Switzerland to offer more support to help non-EU residents integrate
According to the government, non-Swiss and non-EU residents of Switzerland are at greater risk of becoming dependent on social security and unemployment benefits. To counter this, the Federal Council has submitted new measures to increase employment and to reduce the social spending of cantons and councils (Gemeinde).
Swiss government hopes to provide job incentives for expats
In a statement on Wednesday, the Federal Council said they “want to provide incentives for more gainful employment” in the non-EU expat community. Their chief aim is to better integrate residence permit holders into the labour market so that they become less reliant on government aid if they lose their job.
The first proposal aims to provide greater and “deeper support” for third-country nationals in the first few years after being given an L or B residence permit. In practice, this may mean greater access to careers support and employment schemes given out by the government.
Residence permit requirements changing for non-EU citizens
As well as providing greater assistance to return to work, the council also hoped to modify the criteria for non-EU citizens retaining residence permits. Currently, non-EU, EEA or UK citizens cannot renew short term residence permits without gainful employment, making it especially challenging to renew if they are not working.
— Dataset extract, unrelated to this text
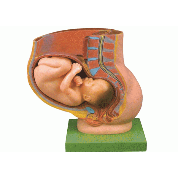 該模型由骨盆子宮和妊娠九個(gè)月胎兒兩個(gè)部件組成,并顯示子宮、陰道、膀胱、直腸和胎兒、羊膜、胎盤、臍帶等結(jié)構(gòu),共有38個(gè)部位指示標(biāo)志。
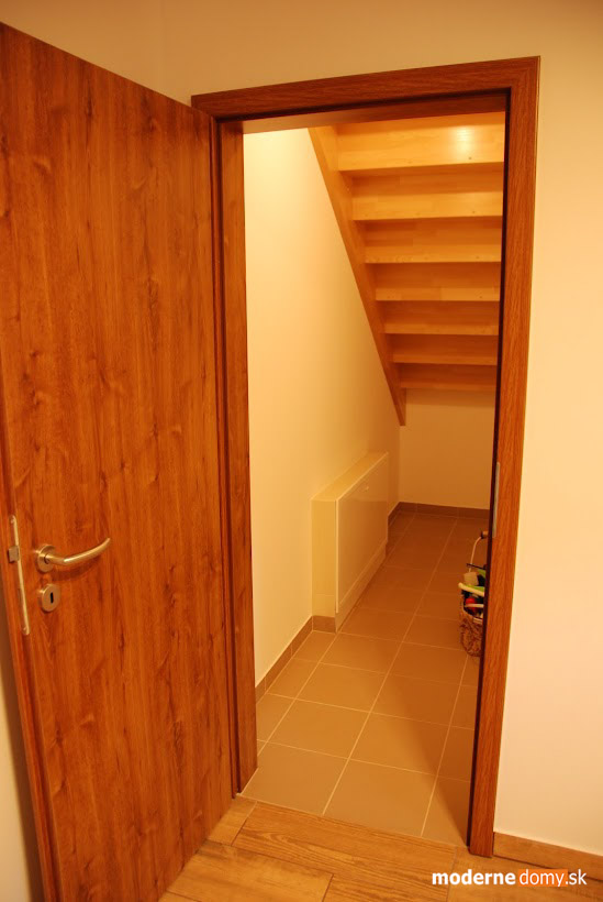 Vieme, že úložný priestor je v rodinnom dome veľmi dôležitý. Preto sa snažíme využiť každý meter podlahovej plochy – dokonca aj ten pod schodmi. Tu pri kuchyni bol naplánovaný ako komora a menší sklad.

The Federal Council hopes to amend this clause so that participation in “vocational training” is counted as “gainful employment” when renewing short term residence permits. This is to ensure that people do not take up low paying jobs to fulfil the permit criteria and end up having to apply for hardship or emergency relief as a result.
Finally, the Swiss government hopes to change how all residence permit holders receive a C or settlement permit. This would mean that an applicant's family would be taken into account before a settlement residence permit is granted.
Government hopes to reduce social spending in Switzerland
The council explained that social security spending increased by 900 million Swiss francs between 2010 and 2019, to 2,8 billion Swiss francs a year. Data from the Federal Statistical Office shows that 8,8 percent of non-EU and non-Swiss residents receive social assistance, compared with 2,3 percent among Swiss citizens and 2,8 percent among those from the EU, EEA and UK.
The cost of social security is borne by individual cantons and councils, which is putting increased strain on cantons with large expat communities. The Federal Council hopes that with greater assistance given to expats, they can reduce the cost of social services. They have now opened a consultation period, which will end on May 3, 2022.